Tarihte Türk adının geçtiği ilk metin olan Göktürk Yazıtları’nın (Orhun Abideleri) birebir kopyası Erzurum’da yapıldı.
Şükrüpaşa Ortaokulu’nda görevli 4 öğretmen bir araya gelerek yaklaşık 70 saatte yazıtları elleriyle taşa nakşetti. Türk yazı dilinin başlangıcını miladın ilk asırlarına taşıyan Göktürk Yazıtları, hem tarihi hem de sanatsal açıdan büyük önem arz eden eserlerden. Erzurum’da öğretmenler yazıtların birebir kopyasını yaparak sergilemeye başladılar. Şükrüpaşa Ortaokulu’nda görevli öğretmenler Selim Koçak, Osman Buran, Hanifi Şimşek ve Miraç Furkan Bayar, UNESCO tarafından 2020 yılının Tonyukuk Yılı ilan edilmesine özel bir proje yürüttüler. Göktürk alfabesi ile milattan sonra 716, 732 ve 735 yıllarında dikilen Orhun Abideleri’nde bulunan yüzlerce satır ytong taşına nakşedildi. Bir hafta boyunca günde yaklaşık 10 saat çalışan öğretmenler, taşı oyarak abidelerin replikasını yaptılar. Abidelerin altında bulunan kaplumbağa heykellerini de yapan öğretmenler, orijinaline benzemesi için harfleri tornavida yardımı ile elleriyle kazıdılar.

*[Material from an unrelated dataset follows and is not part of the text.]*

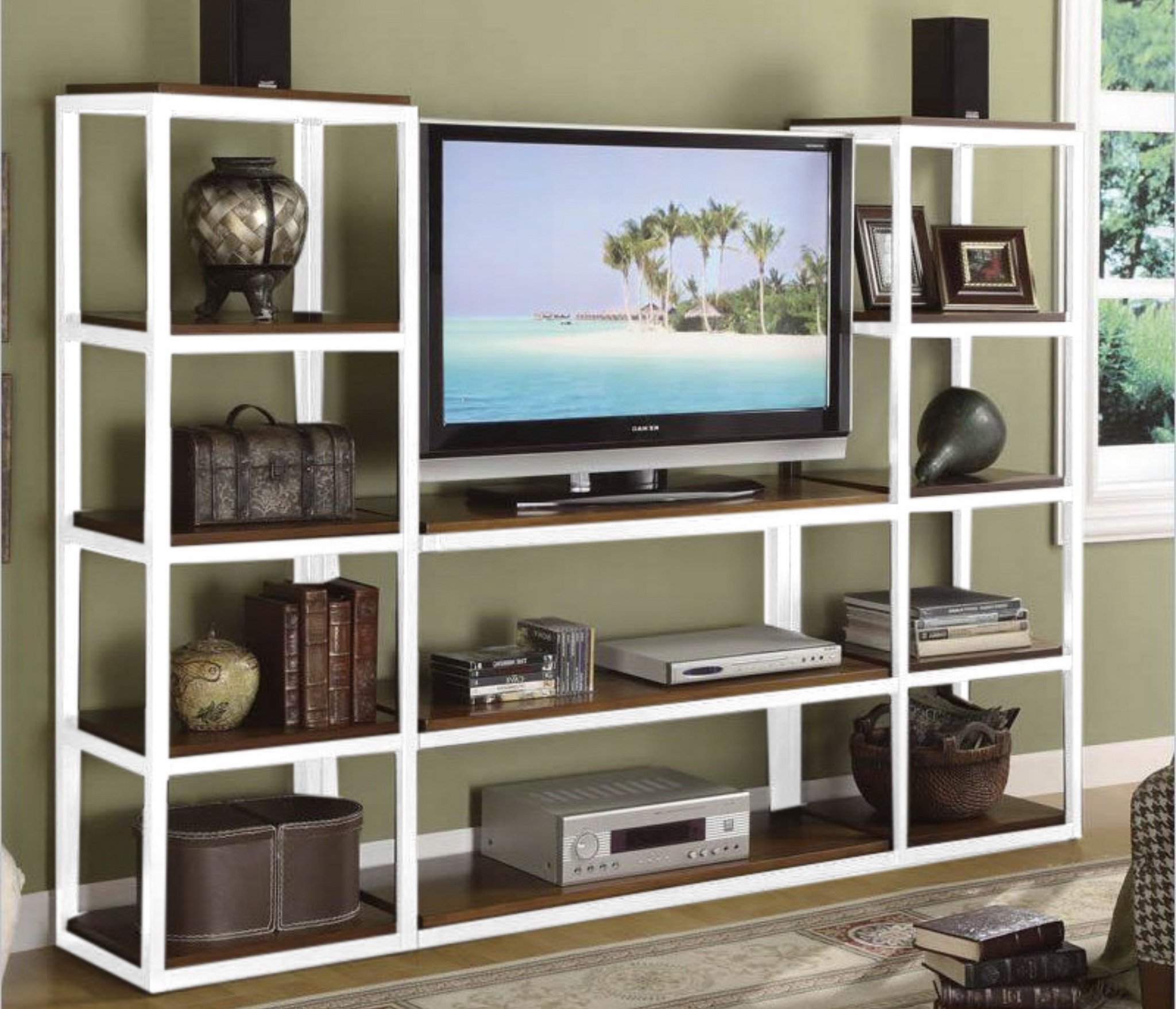 С ТВ тумбой , со стеллажом, глянцевые фасады, С полками

TÜBİTAK’ın desteğiyle düzenlenen TÜBİTAK 4006 bilim fuarının açılışının yapıldığı okulda, eserler açılışa özel girişte sergilendi. Proje yürütücü Miraç Furkan Bayar, “Kültürel mirasımıza sahip çıkmak adına Erzurum’a müze değeri niteliğinde Göktürk Abidelerini kazandırdık. Bu abideler bazı sırlarıyla zamanın karşı konulmaz erkinde bir giz olsa da, günümüze ulaşan ve yüreğimizin derinliklerinde sakladığımız kutlu sözleriyle, hala milletine yol gösteren ulvi bir pusuladır. Uçmağa varan bir yiğide yakılan bir ağıttır bu. Karındaşlığın firkatine terennüm eden efsunlu bir yuğdur ki dinlesin bu ulu atasını boyu boylansın, soyu soylansın üstte gök batıncaya, altta yer delininceye kadar töresi daim olsun. Dinlesin ki devleti kutlu olsun, dinlesin ki ömrü uzun olsun. İşte biz bu medeniyetin torunlarıyız. Sahip çıkıp yaşatmak da boynumuzun borcu” dedi.

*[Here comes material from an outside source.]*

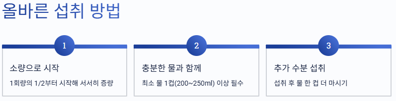 - 물 없이 먹으면 안 된다 – 충분한 수분이 없으면 오히려 변비·장막힘 위험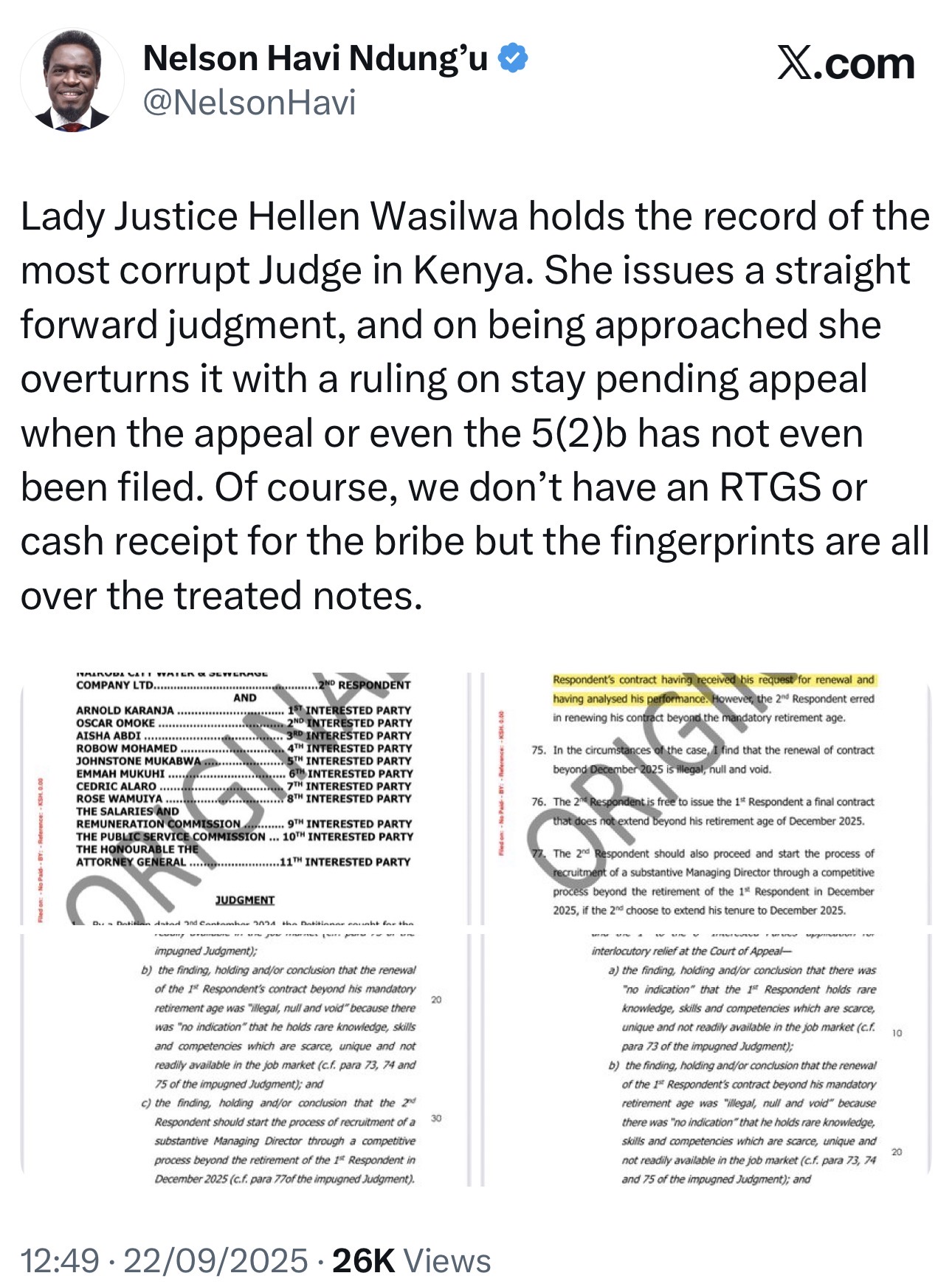 Justice Wasilwa has not responded to the new wave of attacks. In past affidavits, she has defended her record as fair and rooted in law, insisting that no judge should be punished for issuing unpopular decisions.

Yaklaşık 70 saat süren bir çalışmayla oluşturdukları eserden gurur duyduklarını söyleyen Bayar, “Bu projeyle gerçekten yakından ve titizlikle ilgilendik. Hepimiz mesai saatimizden sonra gece yarılarına kadar çalıştık. Harfleri baskı yöntemiyle de yapabilirdik ama orijinali gibi olmasını istedik. Tornavida yardımıyla tek tek taşlara kazıdık” diye konuştu.